Adults need 7 to 7.5 hours of sleep per night consistently to maintain normal energy levels, muscle tone and immune function. When you stay up late night after night for any reason (whether to finish work left undone at the office or to wind down by watching late night TV), your body undergoes metabolic and hormonal changes.
Chronic sleep deprivation slows your metabolism so you feel less energetic and you store fat instead of burning it. It limits secretion of human growth hormone which keeps muscles toned. It blunts immune function rendering you more susceptible to colds, flu, infectious disease and inflammatory disease.A new study by sleep specialists and endocrinologists at the University of Chicago published in the October 5, 2010 issue of the Annals of Internal Medicine adds to our understanding of how chronic sleep deprivation causes fat gain and muscle atrophy. These researchers followed 10 overweight adults (with a mean age of 41) years on a calorie restricted for two weeks at a hospital. Half the group was permitted to sleep 8 hours per night and the other half just 5.5 hours per night. The sleep deprived group lost 55% less fat and lost 60% more lean muscle mass than the group that slept well.
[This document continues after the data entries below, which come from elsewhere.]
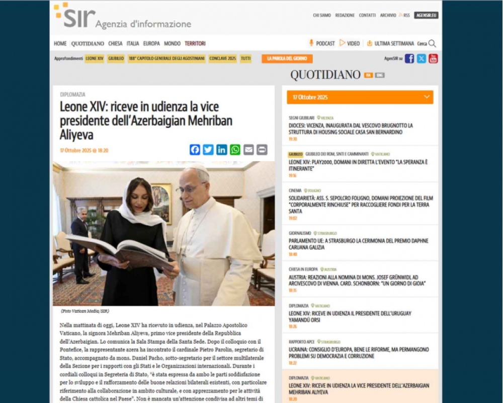 Müqəddəs Taxt-Tacın və İtaliyanın aparıcı mətbu orqanları Azərbaycanın Birinci vitse-prezidenti Mehriban Əliyevanın Vatikana rəsmi səfəri çərçivəsində oktyabrın 17-də Roma Papası XIV Leo ilə görüşünə geniş yer ayırıb.
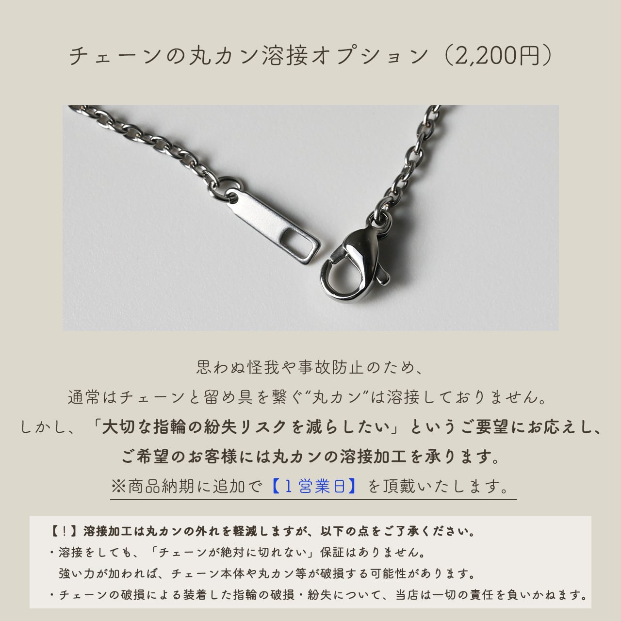 思わぬ怪我や事故防止のため、通常はチェーンと留め具を繋ぐ“丸カン”は溶接しておりませんが、 ご希望のお客様には丸カンの溶接加工を承ります。
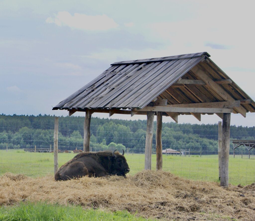 Зубри в нас також знаходяться в пансіонаті. Наша парочка малюків, як наші екскурсоводи люб’язно назвали Максим і Одарочка – це своєрідні діти війни серед тварин.
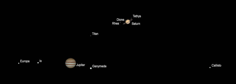 Telescopic Saturn and Jupiter (north up) as they would be seen in a small telescope, with the same magnification, Saturn at 11 pm, the 9th and Jupiter at 5:45 am August 10, 2023. Apparent diameters: Saturn 18.87″, its rings 43.96″; Jupiter 41.02″. Saturn and Jupiter are approaching us, so their apparent diameters are growing. The ” symbol means seconds of arc (1/3600th of a degree). Click or tap on the image to enlarge it. Created using Cartes du Ciel (Sky Charts).
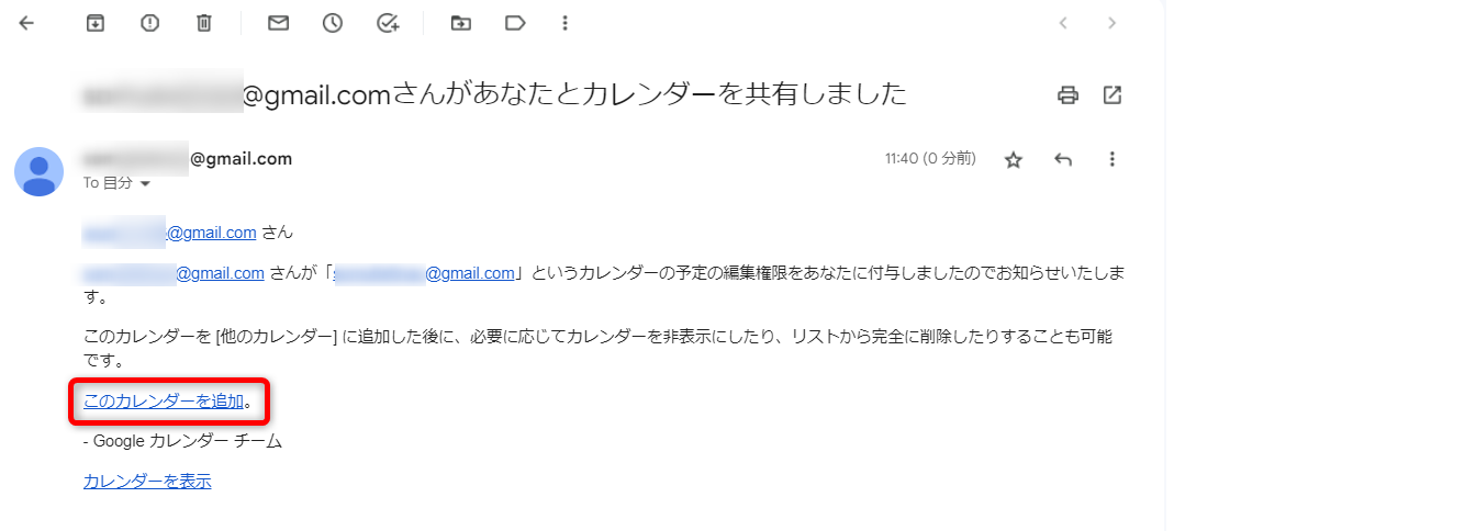同期相手はメール文にある[このカレンダーを追加]をクリックすると、自分のカレンダーに共有されたカレンダーが表示されます。
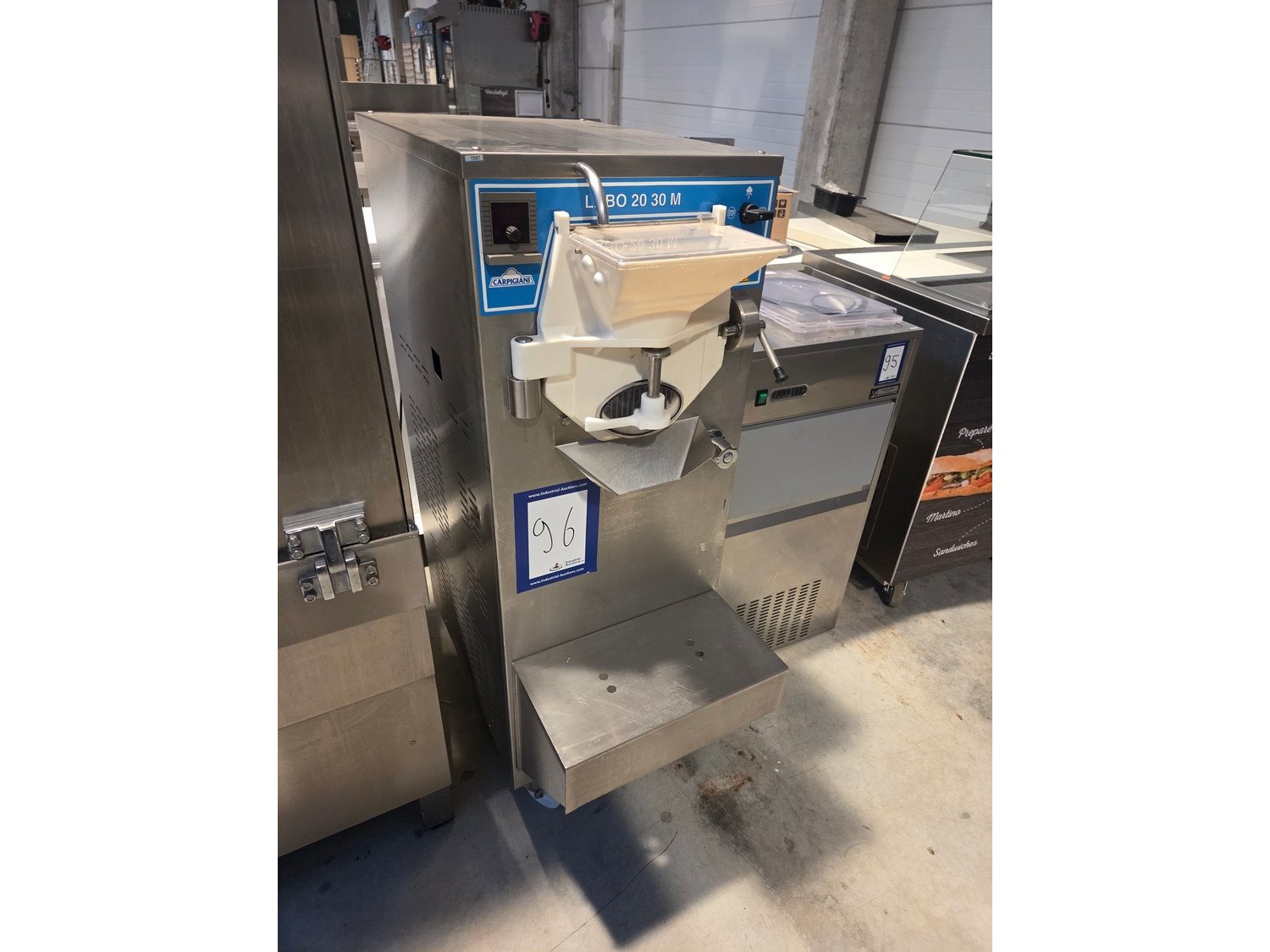 Carpigiani mobile ice cream machine, model: LABO 20/30 M, serial number: IC32714, 380-415 V, 3 Ph, 50 Hz, 16 A, 2.9 kW, refrigerant: R404a, 0.7 kg, dimensions: 870 mm x 460 mm x 1280 mm.

The endocrinologists ascertained that the sleep deprived group experienced an increase in the levels of the hormone ghrelin (which is supposed to make people hungry when they haven’t eaten for a while) and a decrease in the hormone leptin (which puts the brakes on appetite after people have eaten sufficient food). Too much ghrelin makes and too little leptin leads to strong appetite even when your calorie needs have been met. Sleep deprived people crave foods packed with refined sugar and bad fats - partly to rev up their slowed metabolism and increase energy and partly because their metabolic hormones are out of whack.
Too much consumption of refined sugar, partially hydrogenated fat and transfat leads to clogged arteries, diabetes, heart disease and stroke. We now know that staying healthy and avoiding these terrible conditions is not just a matter of what you eat and how frequently you exercise but how much you sleep each night on a consistent basis. Do yourself a favor. Leave the unfinished work for the next work day instead of burning the midnight oil; and skip the lousy late night talk shows and infomercials.